Sauvé par les crises
La vérité est peut-être dans une approche différente, une alternative autre que le choix entre davantage de ministère ou sa disparition. C’est le regard de l’historien qui permet peut-être de dessiner la vraie ligne de structuration d’une réflexion prospective. Pour Patrick Zylberman, professeur d’histoire de la santé à l’École des hautes études en santé publique, le ministère de la Santé n’est en effet pas prêt de disparaître en raison de la multiplication des crises sanitaires. « L’absence du ministère de la Santé ne peut s’envisager sérieusement que par temps calme. Dès que le pays est confronté à des crises sanitaires à répétition telles qu’on les vit depuis les années quatre-vingt-dix et tel qu’elles s’annoncent toujours plus nombreuses, seul un pouvoir centralisé peut y faire face avec un minimum d’efficacité », prévient-il. En somme, les pires critiques que l’on peut adresser au ministère pour sa gestion des crises telles que celles du Mediator®, de la grippe de 2009 ou encore des prothèses PIP sont bien moindres que celles qui auraient été formulées si elles avaient été gérées par chaque Région ou chaque collectivité territoriale. « Le niveau national est même un peu juste pour les crises sanitaires qui doivent de plus en plus être gérées au plan international », assure Patrick Zylberman.
La fragilisation du monde et sa globalisation, y compris sur le plan de la santé, conduiraient plutôt à envisager une déconcentration et/ou une décentralisation de la gestion au quotidien tandis que les autorités nationales renforceraient leur capacité d’intervenir sur les crises.
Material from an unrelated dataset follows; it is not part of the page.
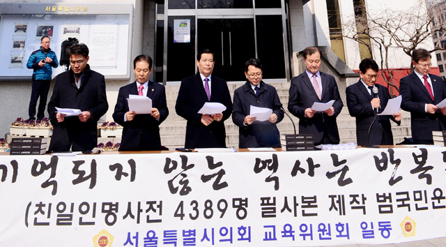 서울시의회의 친일인명사전 4389명 필사본 제작 범국민운동에 돌입한 29일 오후 서울특별시의회 앞에서 박래학(왼쪽 세번째부터) 서울시의회 의장을 비롯한 김문수 시의회 교육위원장 등 시의원들이 성명서를 낭독하고 있다. 이번 범국민운동은 역사를 공정하게 기록하고 평가하며 가슴깊이 기억해 잘못된 역사를 반복하지 않기 위해 마련됐으며 친일인명사전에는 일제의 식민통치와 전쟁에 협력한 4389명의 구체적인 반민족행위 등에 대한 내용이 수록됐다.

La création de l’Eprus (Établissement de préparation et de réponse aux urgences sanitaires) le 5 mars 2007 peut d’ailleurs être considérée comme une illustration de cette tendance. Mais la logique voudrait que, même dans ce schéma d’évolution, les moyens du ministère de la Santé soient fortement revus à la baisse, les affaires courantes ne mobilisant plus autant ses forces.